As both dose descriptors have their advantages and drawbacks, perhaps the best choice for the actual assessment of the skin-sensitizing potential of a chemical is to calculate both parameters and make a case-by-case decision when they produce discordant outcomes. It is also noted that the concept of “extrapolated” classification presented here has inherent uncertainties on its own and therefore it is advisable to always consider the non-extrapolated DSA. In cases of doubt, then the ultimate decision on classification could still be made based on the DSA.

Furthermore, we have extensively discussed how to combine multiple HPPT test results into an overall WoE assessment. We recommend application of all three methods used here (WoE score, MLLP and MSPE) as a sensitivity test. In the great majority of cases, all three parameters, where available, produced highly concordant classification outcomes, both with respect to hazard characterization and potency sub-categorization. Few discordant results were observed, which in all cases could be resolved by rule-guided expert decisions [for examples, refer to OECD (2021b)].

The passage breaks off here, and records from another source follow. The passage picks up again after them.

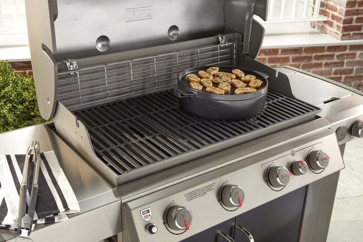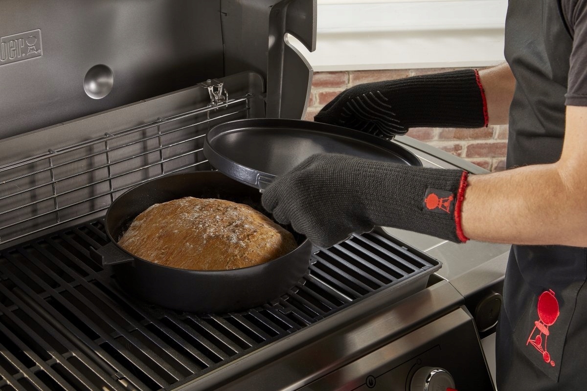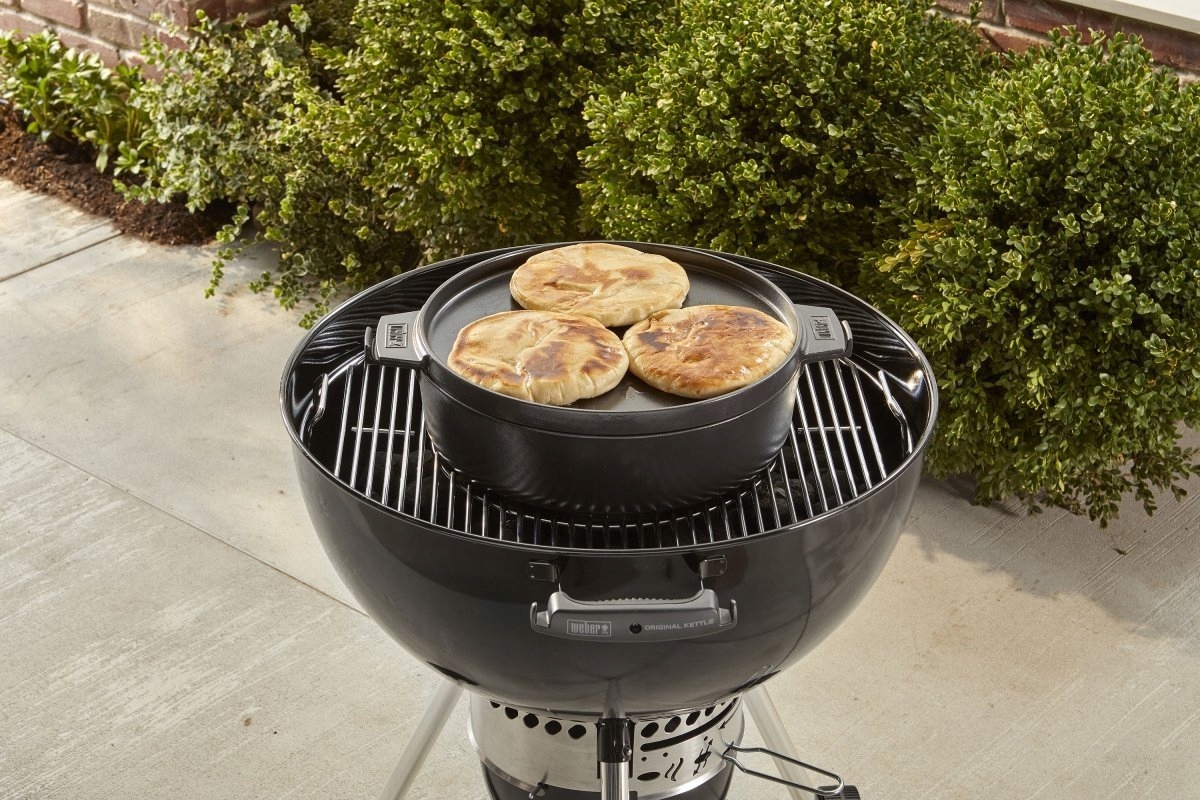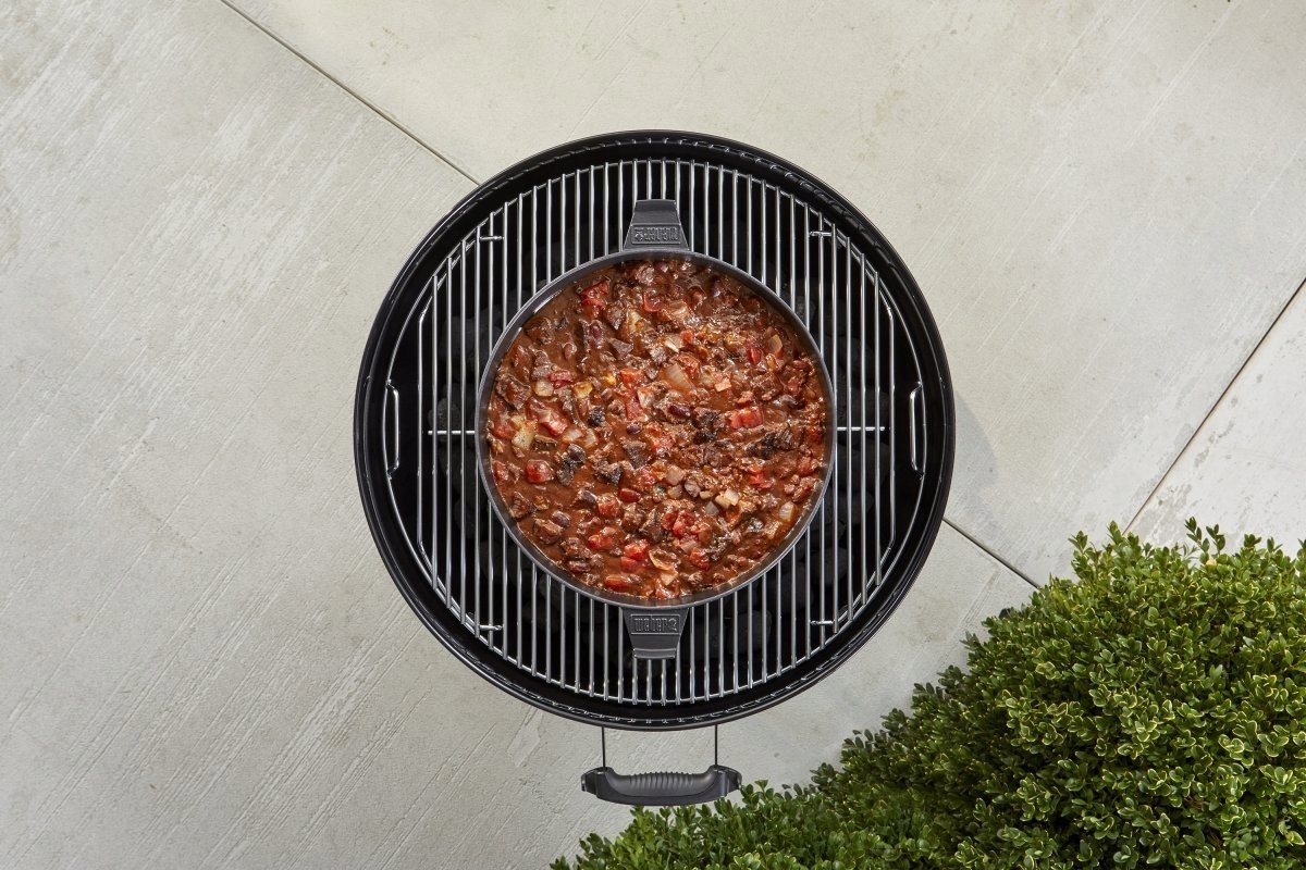 Предназначен для использования с решетками Gourmet BBQ System Вебер 8857 Эта многофункциональная посуда открывает безграничные возможности при приготовлении на гриле. Чугунная кастрюля объемом 6,8 л обеспечивает равномерное распределение и сохранение тепла при приготовлении нежного жаркого, вкусных супов или тушеных блюд. Двойную крышку можно использовать в качестве противня для поджаривания сэндвичей или идеального запекания куриных грудок и овощей. Фарфоровая эмаль обеспечивает легкую очистку, а обе части можно складывать друг на друга, экономя место при хранении.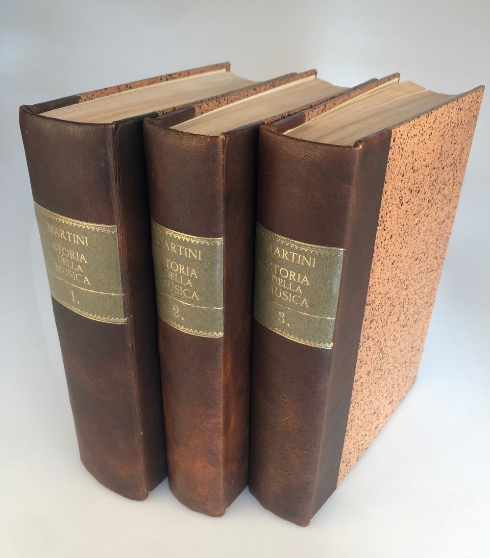 MARTINI, G.: Storia della musica ... 3 vol. Bologna, L. dalla Volpe 1757-81 Quarto. XII, 507 pp, 3 engraved plates, 6 folding plates; XII, XX, 375 pp, 2 geographic folding plates, 2 folding plates; pp III-XX, 459 pp, 3 plates, numerous engraved vignettes in text. Some pages a little bit foxed. Half leather bindings in the style of the time.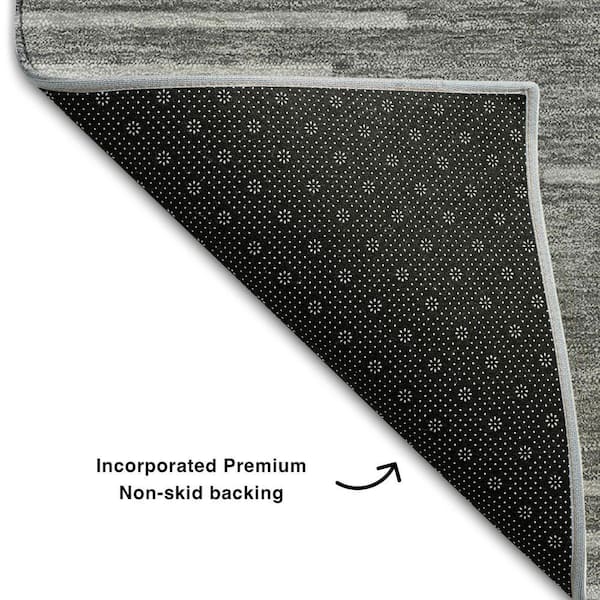 Mayfield Premium Machine Washable Abstract AMF1016 Charcoal 8 ft. x 8 ft. Round Rug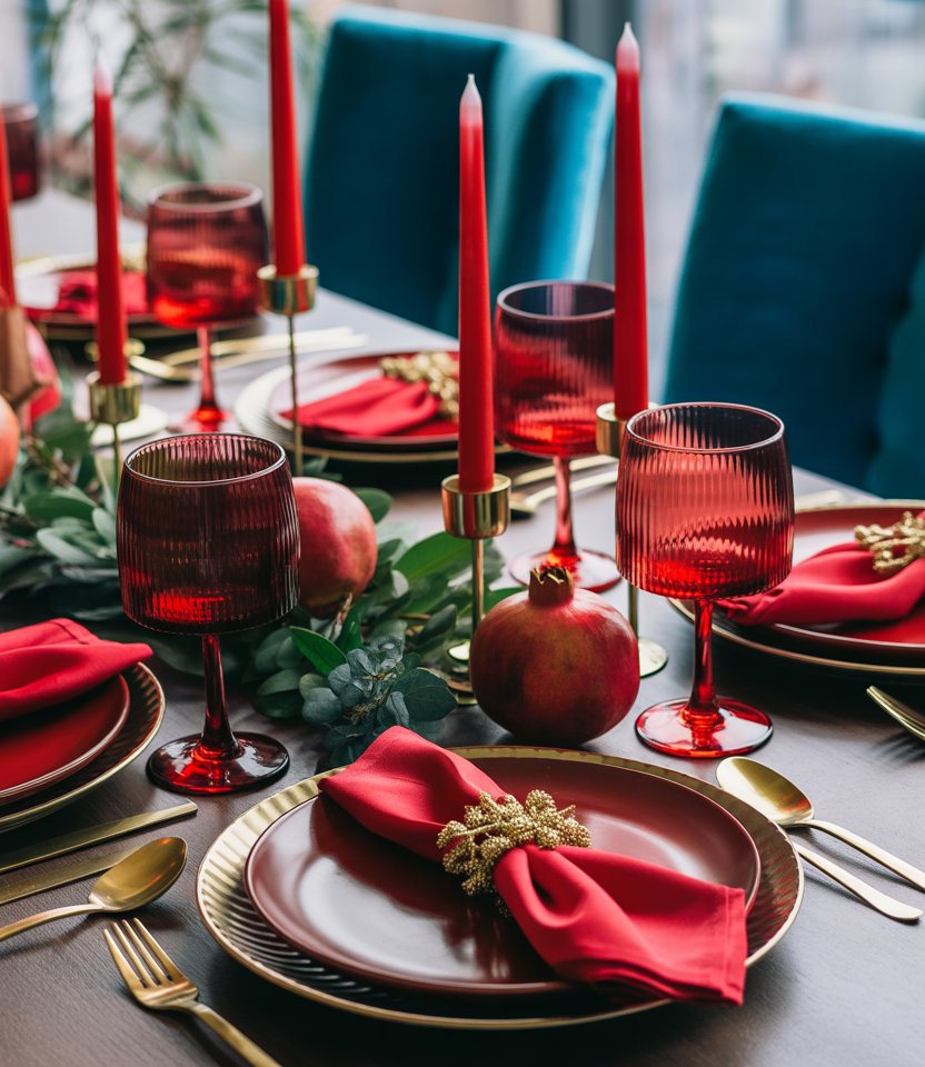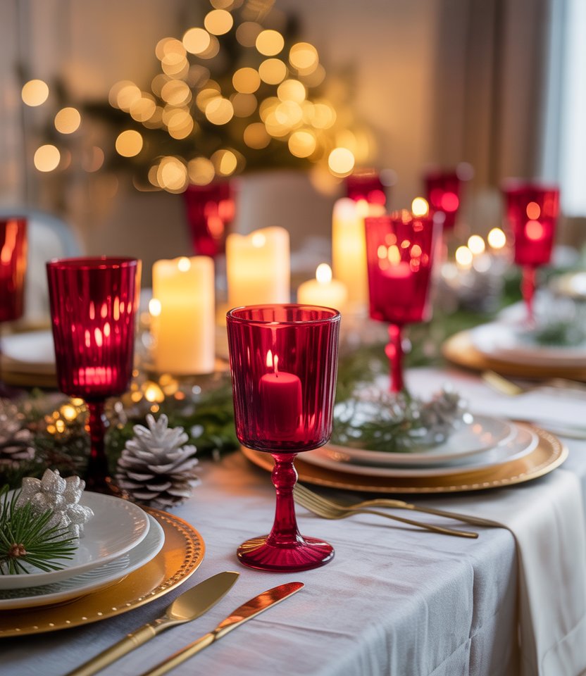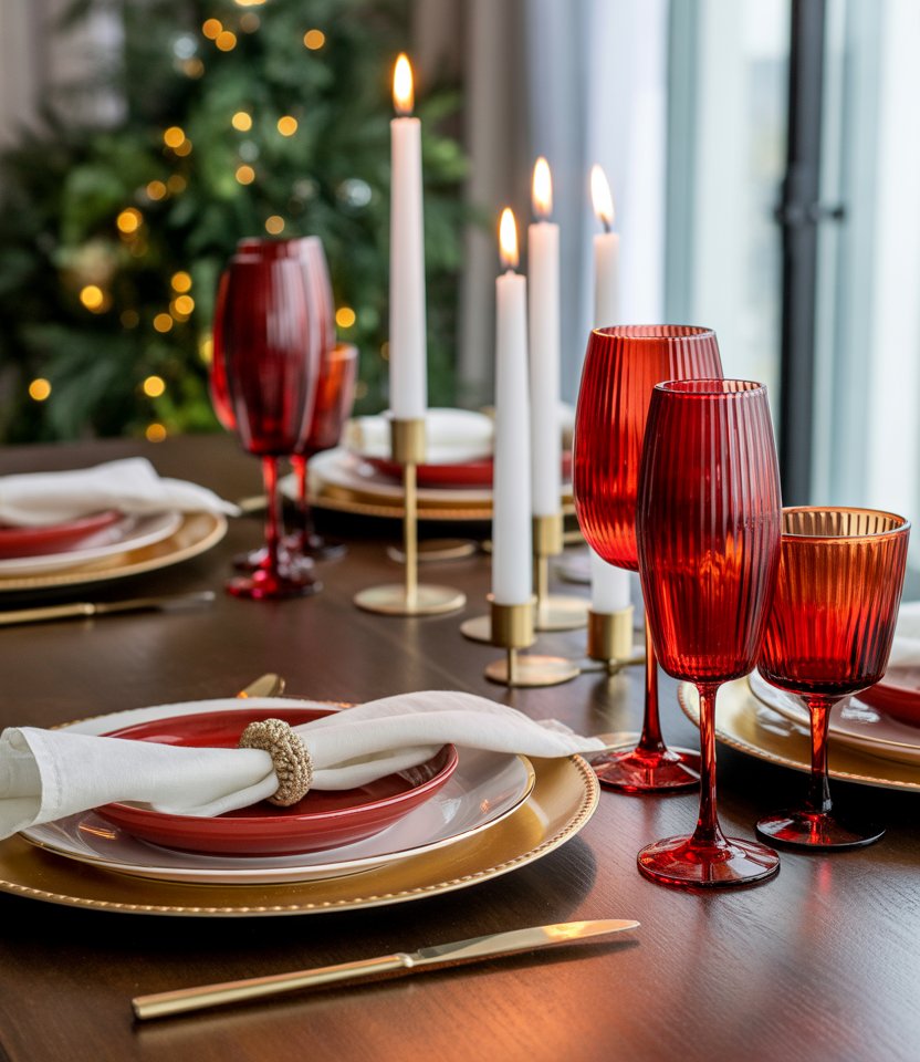 Instead of traditional clear stemware, opt for red or ruby-colored glasses. This bold move makes even a neutral table feel festive and chic. Elle Décor highlights how colorful glassware can act as both functional and decorative. Balance the intensity with gold chargers and crisp white linens. This setup works equally well for family gatherings or glamorous dinner parties.

Classifications based on multiple HPPT results are generally highly reproducible, both for hazard classification and sub-categorization. Where inconsistencies are observed, generally the test data have quality issues or the respective substances are borderline cases, with a potency near the cut-off between GHS 1A and 1B, or sensitization occurring only at very high test concentrations/DSA values. Some examples from the OECD DA reference data set are discussed in more detail in OECD (2021b).

Finally, we were able to show that classification outcomes based on HPPT data can be successfully combined with other in vivo skin sensitization data, such as from the LLNA, in an overall WoE assessment. In fact, for the substances from the OECD DA reference dataset, HPPT data often complemented the LLNA data set by providing classification outcomes where no LLNA was available. Where HPPT and LLNA data disagreed, a consensus/WoE classification outcome could be established in all cases, following a simple decision logic mimicking the considerations a risk assessor might apply when performing a WoE assessment of such data. Notably, in some of these cases, the overall WoE outcome was determined by the HPPT-based classification, while in others, the LLNA-based classification was considered more robust and therefore taken as the overall classification outcome.

Our work has demonstrated that there is potential for improving the current criteria for using HPPT data for classification under the GHS, in particular with a view to better reflecting potency. As a follow-up activity to this work, we therefore suggest that the findings presented here are further discussed at the UN level with a view to updating the respective GHS text on HPPT-based classification.